Before he aged, like a fine wine, into the mellow-voiced FBI criminal profiler of James Patterson’s successful thriller series, Alex Cross (Tyler Perry) was a humble homicide detective, working a doctorate in psychology on the side and doing the good cop, bad city thing in dingy old Detroit. When a high-profile businesswoman is tortured to death, Cross and his rag-tag team of gun-slinging boffins investigate, quickly uncovering an industrial espionage conspiracy and drawing the ire of a psychotic killer, Picasso (Matthew Fox), who intends to make them part of his latest masterpiece...
‘Alex Cross’, a kind of non-literal/canon/reboot/prequel to the unremarkable but fondly remembered Morgan Freeman thrillers ‘Kiss The Girls’ (1997) and ‘Along Came A Spider’ (2001), is a complete train wreck. Perry, most often seen sporting a blouse and wig in his role as the elderly Madea, is hamstrung by a frustratingly trite and incoherent screenplay, which reduces detective work and deductive reasoning to a sub-‘CSI: Miami’ level of stupidity, and the profession of criminal psychology to catchphrases of cartoonish psychobabble. That Perry’s performance isn’t a total waste of time is probably a testament to his natural charisma, more than any conscious acting choice in relation to the material.
Lacking any semblance of internal structure, plot points, logic, or even character motivations, Matthew Fox appears embarrassingly overcommitted to his role – his radical physical transformation unjustified by the sheer stupidity of the entire enterprise. His wide-eyed, “Look-at-me-Ma, I’m-acting” performance as the superfluously convoluted killer is shockingly bad; it’s hard to imagine a director could tolerate it for more than a few takes, let alone encourage it for an entire film. In fact, it’s disheartening to see how many good actors pop up in this movie that are not only dialling in performances, but also actively attempting (misguidedly) to make them better.
The whip-pans and crash-zooms of ‘The Fast And The Furious’ and ‘xXx’ have clearly damaged director Rob Cohen’s brain, as he fails to photograph even a simple dialogue exchange without making a total technical mess of himself (What was that sudden shift to digital video? Couldn’t they fit a HD cam inside the car?). The positioning and movement of his camera is truly baffling at times, and by the time the action scenes roll around, you’ll be hard pressed to make spatial or literal sense of the action occurring on screen.
Lacking any semblance of internal structure, plot points, logic, or even character motivations, Matthew Fox appears embarrassingly overcommitted to his role.
Clearly failing as a form of higher art, ‘Alex Cross’ can’t even muster the energy to satisfy as basic entertainment; at a refreshingly brisk one hundred minutes, the film has such a flimsy story that it sags horrifically for long stretches at a time.
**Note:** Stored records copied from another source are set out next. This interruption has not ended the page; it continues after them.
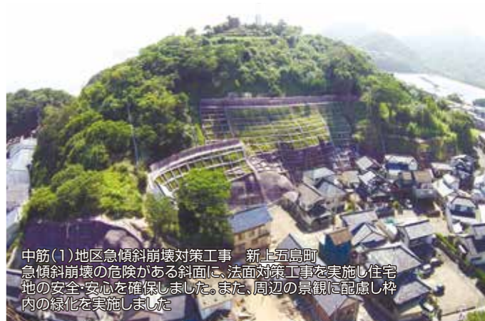
中筋(1)地区急傾斜崩壊対策工事 新上五島町 急傾斜崩壊の危険がある斜面に、法面対策工事を実施し住宅地の安全・安心を確保しました。また、周辺の景観に配慮し柵内の緑化を実施しました。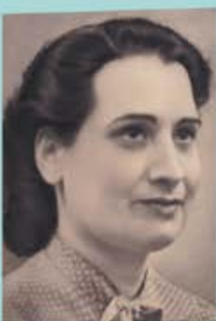
Danielle Casanova, photo/photographie, 1939

Danielle Casanova, née Vincetella Perini le 9 janvier 1909 à Ajaccio en Corse, reprend des études dentaires à Paris avant de s'engager très jeune dans l'Union fédérale des étudiants. Adhérente aux Jeunesses communistes dès 1928, elle rencontre et épouse Laurent Casanova en 1933. Très active dans les cercles communistes parisiens, elle crée en 1936 l'Union des jeunes filles de France, mouvement antifasciste. Lorsque le Parti communiste français est interdit en septembre 1939, elle entre dans le clandestin, où elle s'attache d'abord à rétablir les liens entre militants et dirigeants du PCF. Dès 1941, elle contribue à organiser une structure armée et des comités féminins pour protester contre les restrictions. Arrêtée le 15 février 1942, elle passe plusieurs mois à la prison de la Santé sans renoncer à son engagement. Déportée à Auschwitz-Birkenau le 24 janvier 1943 avec plus de 200 femmes, elle assure un temps les soins médicaux dans son block et crée des liens avec la Résistance clandestine, avant de succomber au typhus le 9 mai 1943.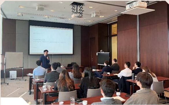
見習經理及見習經濟師參與數碼智能分享會

助理經理是金管局專業員工團隊的重要骨幹。大部分助理經理獲派往與負責監管銀行業務有關的部門，參與維繫香港銀行體系安全穩定的工作，亦有部分負責其他職能範疇，協助分析及提供其他形式的支援。對於有志投身銀行監理及規管工作的大學畢業生來說，助理經理是理想的起步點。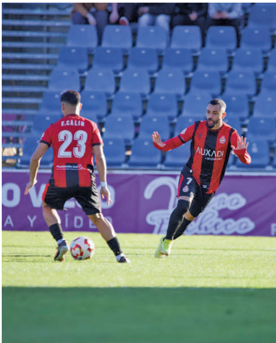
El Adarve sacó un valioso empate del campo del líder, el Guadalajara UNIÓN ADARVE

Rivales de altura También tendrá una incidencia directa en la zona baja el duelo de Matapiñonera de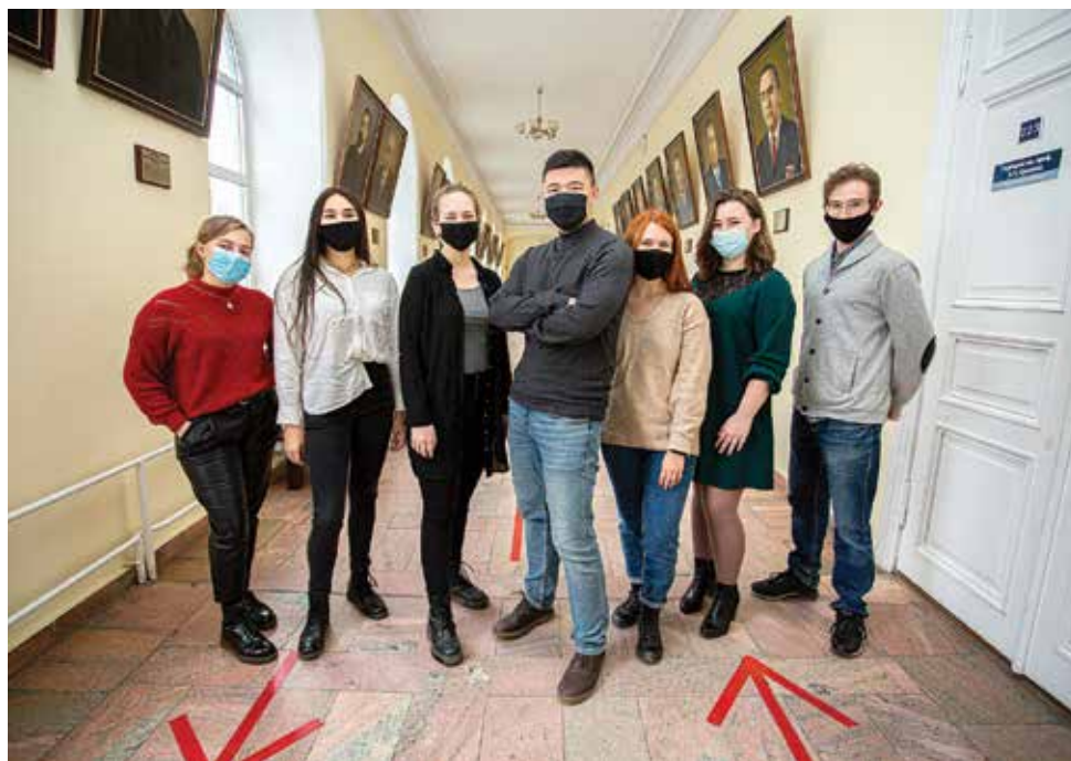
Сотрудники психологической службы ТГУ готовы бесплатно консультировать всех, кто обращается за помощью, независимо от возраста и места жительства.

Поможет любая деятельность, которая приносит радость. Забота о своем состоянии – физические упражнения, хороший сон, сбалансированное питание. В этом плане рекомендации довольно универсальны. Как один из «рецептов» или рекомендация: заниматься каким-то физическим трудом, разумеется, посильным, это как профилактика. Лучше это делать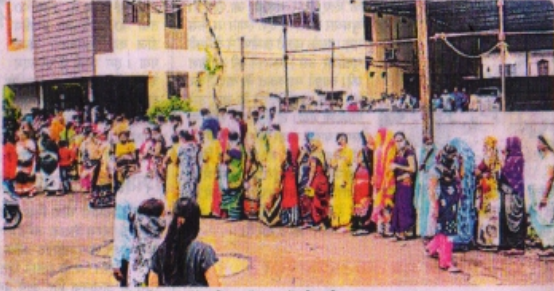
टीकाकरण केंद्र के बाहर वैक्सीन लगवाने महिला और पुरुषों की लंबी कतार।

रतलाम @ पत्रिका, जिले में 4 दिनों के बाद बुधवार को टीकाकरण के प्रथम डोज के लिए 13 सत्र स्थल निर्धारित किए गए थे जिसमें 66 मतदान केंद्रों के रहवासियों का वैक्सीनेशन हुआ। कुछ केंद्रों पर हितग्राहियों की कतार लगी, नजर आई तो कुछ एक स्थान पर प्रिनती के लोग नजर आए।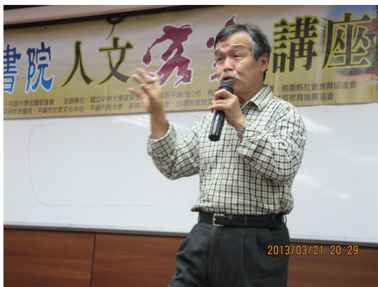
(許宏勛攝於 2013 年 3 月 21 日)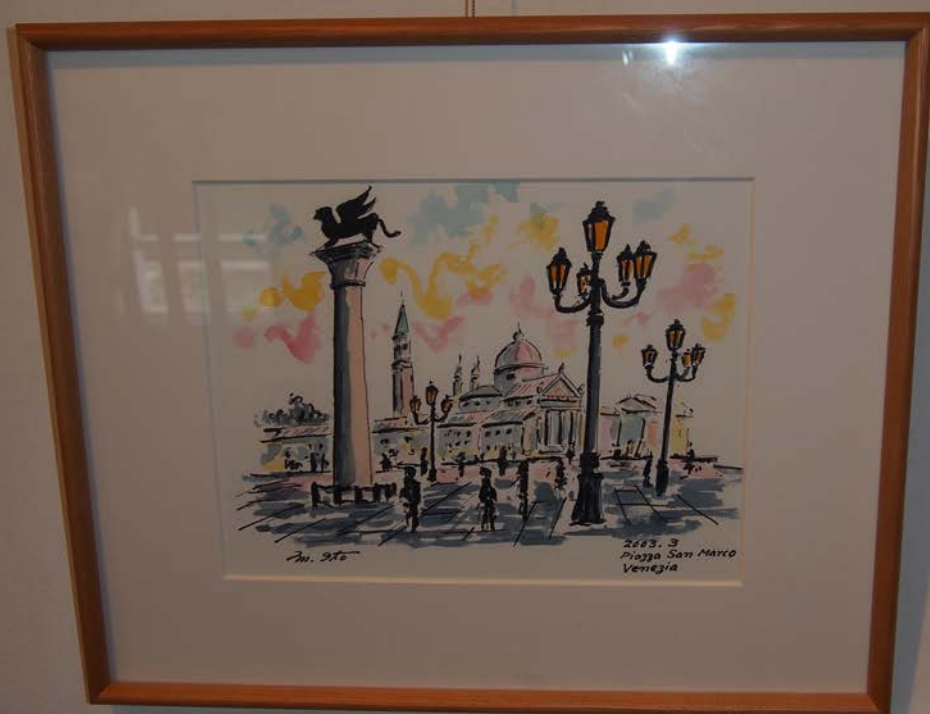
ヴェネツィア サン・マル コ広場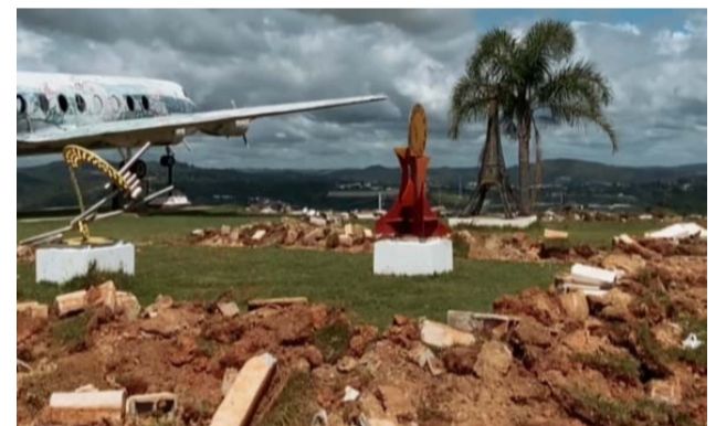
Reforma Praça do Avião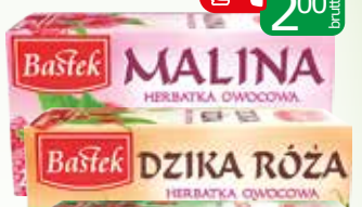
herbata dzika róża ex20 40g herbata malinowa 20x2g 40g herbata żurawina 20x2g 40g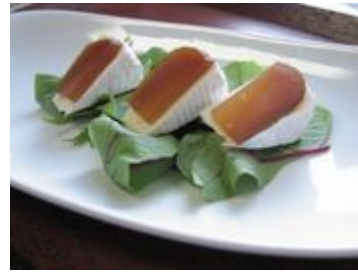
カマンベール柚餅子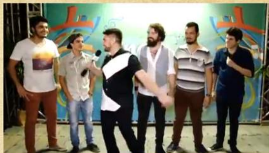
Se Liga Verdes Mares - Encanta Ceará

http://g1.globo.com/ceara/cetv-1dicao/videos/t/fortaleza/v/festa-do-reveillon-de-fortaleza-tera-esquema-especial-de-seguranca-e-transito/5546126/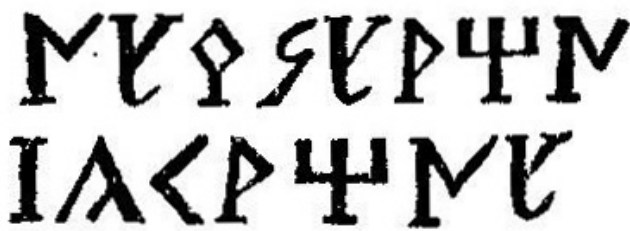
Créditos: Ximeno 1784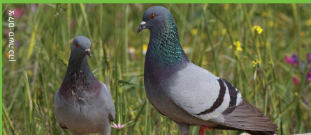
יונה Feral Pigeon חמא טוראני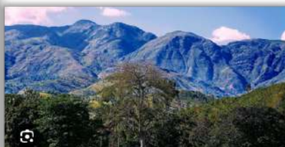
Vue panoramique de Camp-Perrin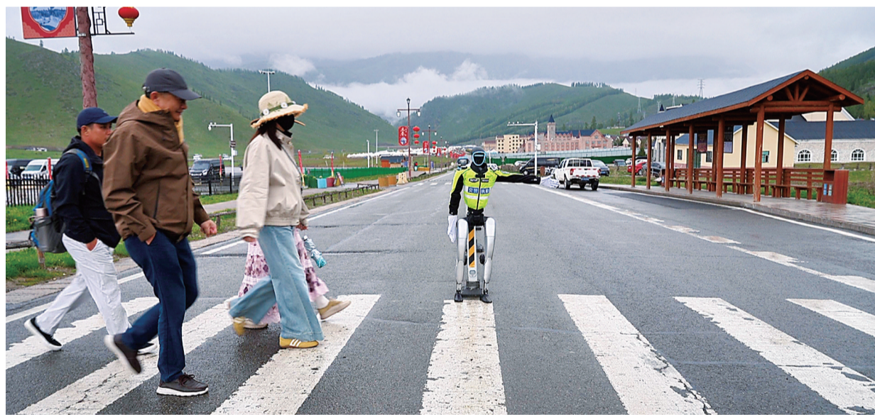
智能交警机器人“喀小安”在喀纳斯贾登峪游客服务中心斑马线处疏导游客过马路。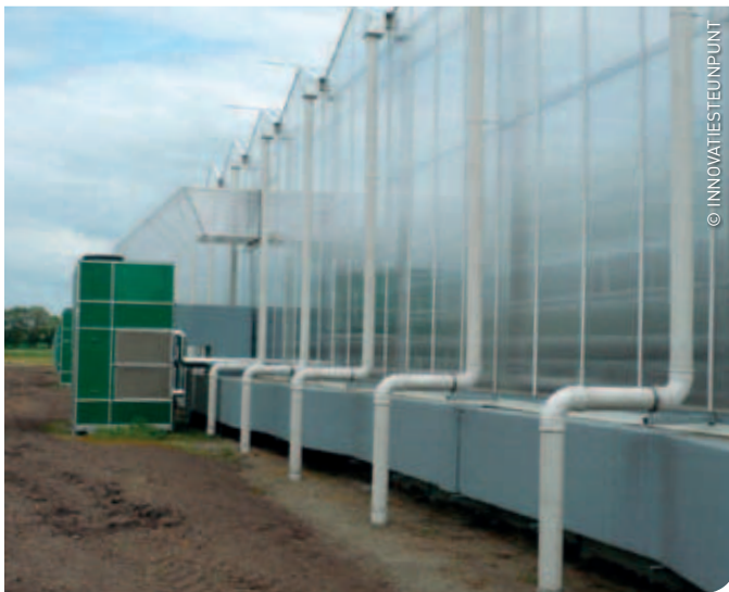
Warmte uit de serre recupereren en ontvochtigen met een klimaatunit.

Boorgat-energieopslag is een techniek voor opslag van warmte en koude in de bodem. In combinatie met een gasabsorptiewarmtepomp levert zo'n installatie bruikbare warmte aan een lagere temperatuur. De nieuwe bioserre in Kruishoutem wordt al een winter lang met zo'n systeem verwarmd.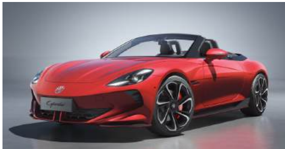
● Diamond Red*

The grimness of it all results in unintended laughter, while the preposterous nature of the denouement (via Skype!) is insulting, not just in its clumsy execution, but in its utterly bonkers morality.
Aside from a morbid fixation on racial cliché (so pervasive, in fact, it feels almost satirically intended on a level the film can’t even comprehend) and the joy that implicitly comes from watching skilled people make idiots of themselves, ‘Alex Cross’ is a series of bad performances, terrible storytelling, and a total waste of time.